=== MATERIAL SHOWN ===
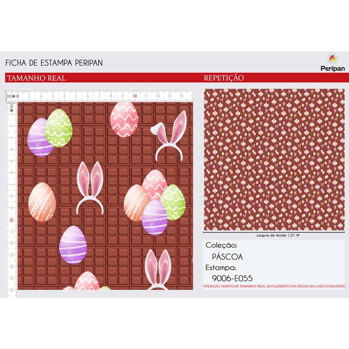Descrição Tecido Tricoline 100% Algodão - Páscoa Digital - D9006 - E055 - 0,50m x 1,5m
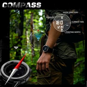 Especificações: [Design do Mostrador]: Numerais arábicos são estratégicamente posicionados para uma leitura fácil e moderna.[Medidas e Materiais]: Com um diâmetro de visor entre 45 e 49 mm e espessura do estojo de 12.6 mm, o formato arredondado oferece elegante harmonia, enquanto o material em fibra de carbono traduz uma durabilidade incomparável.[Funcionalidades Avançadas]: De cronômetro a cronógrafo, e com recursos como LED de fundo, data automática, alarme e uma bússola interna, este relógio é multifunção pura para aventuras urbanas ou selvagens.[Resistência à Água]: Surpreenda-se com a resistência à água de até 5 bar, perfeita para resistir a condições meteorológicas desafiadoras sem comprometer o estilo ou a funcionalidade.[Conforto e Estilo]: A pulseira em náilon, largura ajustável de 20 a 24 mm e comprimento de 26 cm, é sinônimo de conforto e perfeita adaptação ao pulso durante actividades intensas ou no dia a dia sofisticado.
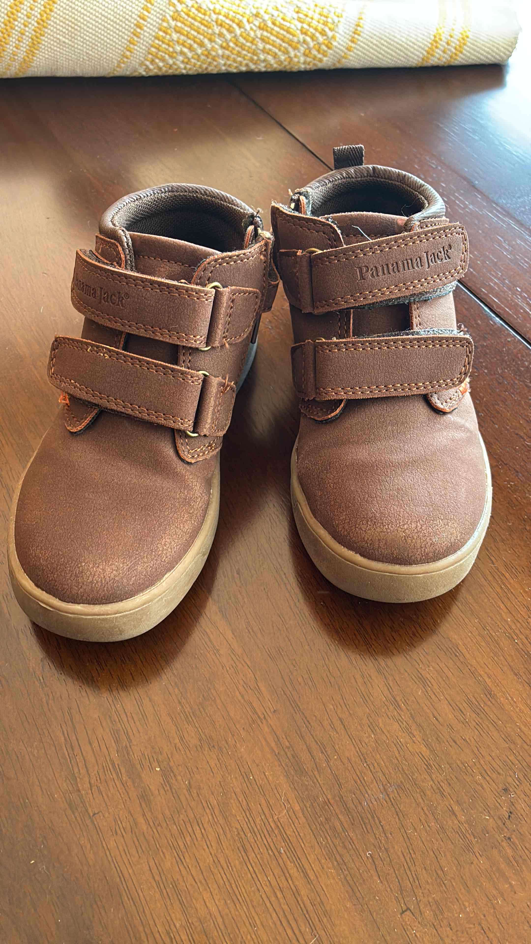 Botines marca Panamá Jack para niño con cierre de velcro, color café. Ideales para el invierno, en buen estado. Talla 26.
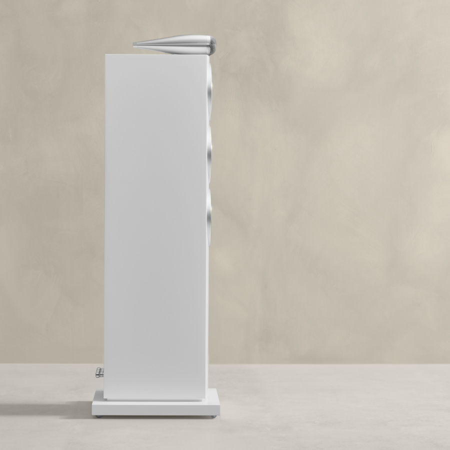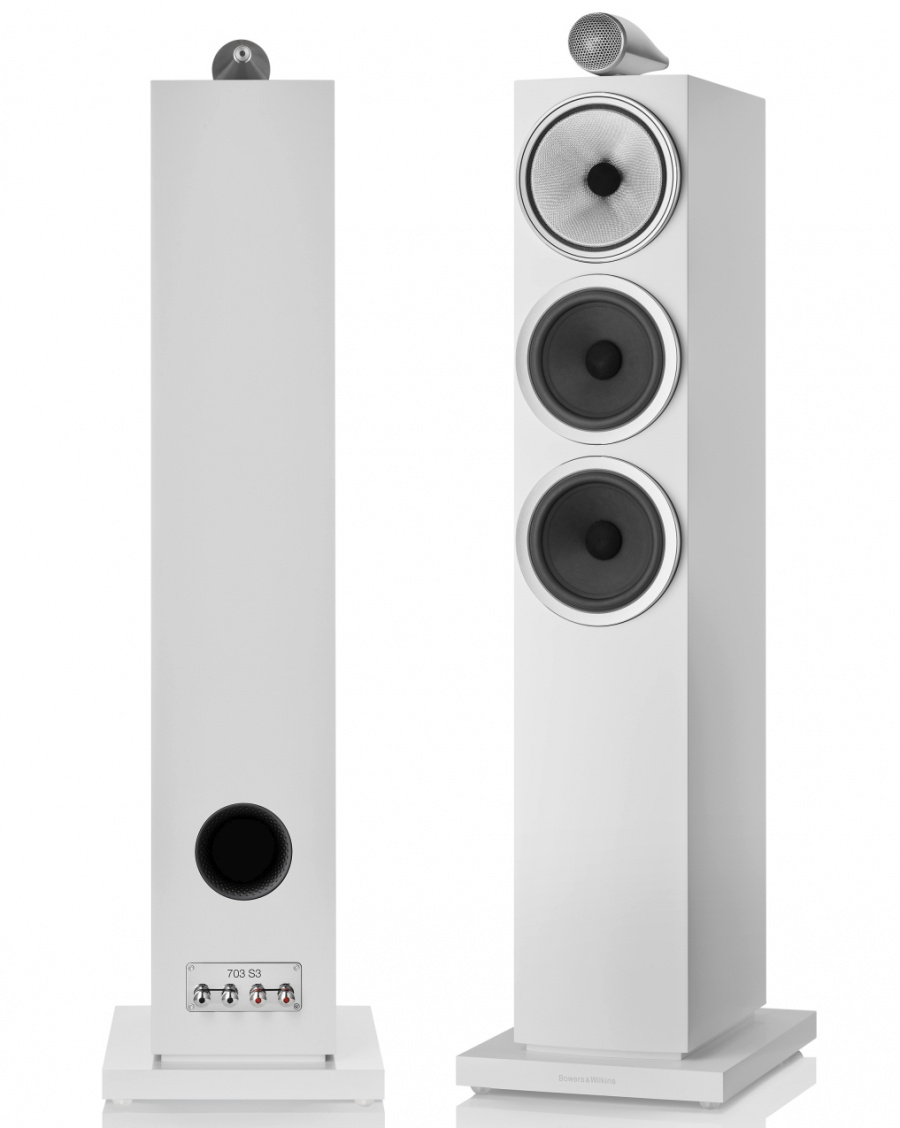 Výškový reproduktor 703 S3 s uhlíkovou kopulkou je umiestnený v úplne novej zostave výškového reproduktora Solid Body Tweeter a vďaka novému usporiadaniu portov smerom dole a trojici basových membrán s profilom Aerofoil poskytuje hlboké a nekonečne artikulované basy.
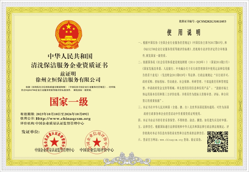当前位置:首页 > 证书查询 > 徐州立恒保洁服务有限公司
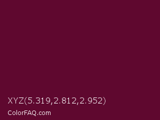 XYZ 5.319,2.812,2.952 Color is a very dark rose color and the nearest color is Mulberry Wood #5c0536. Hex code #5f082f and RGB value is rgb(95,8,47). In RGB color space, this color is composed of 37% red, 3% green, 18% blue, In CMYK color space, this color is composed of 0% cyan, 92% magenta, 51% yellow , 63% black , In HSL color space, this color has a hue angle of 333° , 84% saturation and 20% lightness.
===
WHAT NEEDS TO BE DONE ▸ Reproduce the material above from its first line through the line containing "当前位置:首页 > 证书查询 > 徐州立恒保洁服务有限公司", both ends included, and skip every picture.

FINISHED EXERCISE ▸
Descrição Tecido Tricoline 100% Algodão - Páscoa Digital - D9006 - E055 - 0,50m x 1,5m
 Especificações: [Design do Mostrador]: Numerais arábicos são estratégicamente posicionados para uma leitura fácil e moderna.[Medidas e Materiais]: Com um diâmetro de visor entre 45 e 49 mm e espessura do estojo de 12.6 mm, o formato arredondado oferece elegante harmonia, enquanto o material em fibra de carbono traduz uma durabilidade incomparável.[Funcionalidades Avançadas]: De cronômetro a cronógrafo, e com recursos como LED de fundo, data automática, alarme e uma bússola interna, este relógio é multifunção pura para aventuras urbanas ou selvagens.[Resistência à Água]: Surpreenda-se com a resistência à água de até 5 bar, perfeita para resistir a condições meteorológicas desafiadoras sem comprometer o estilo ou a funcionalidade.[Conforto e Estilo]: A pulseira em náilon, largura ajustável de 20 a 24 mm e comprimento de 26 cm, é sinônimo de conforto e perfeita adaptação ao pulso durante actividades intensas ou no dia a dia sofisticado.
 Botines marca Panamá Jack para niño con cierre de velcro, color café. Ideales para el invierno, en buen estado. Talla 26.
 Výškový reproduktor 703 S3 s uhlíkovou kopulkou je umiestnený v úplne novej zostave výškového reproduktora Solid Body Tweeter a vďaka novému usporiadaniu portov smerom dole a trojici basových membrán s profilom Aerofoil poskytuje hlboké a nekonečne artikulované basy.
当前位置:首页 > 证书查询 > 徐州立恒保洁服务有限公司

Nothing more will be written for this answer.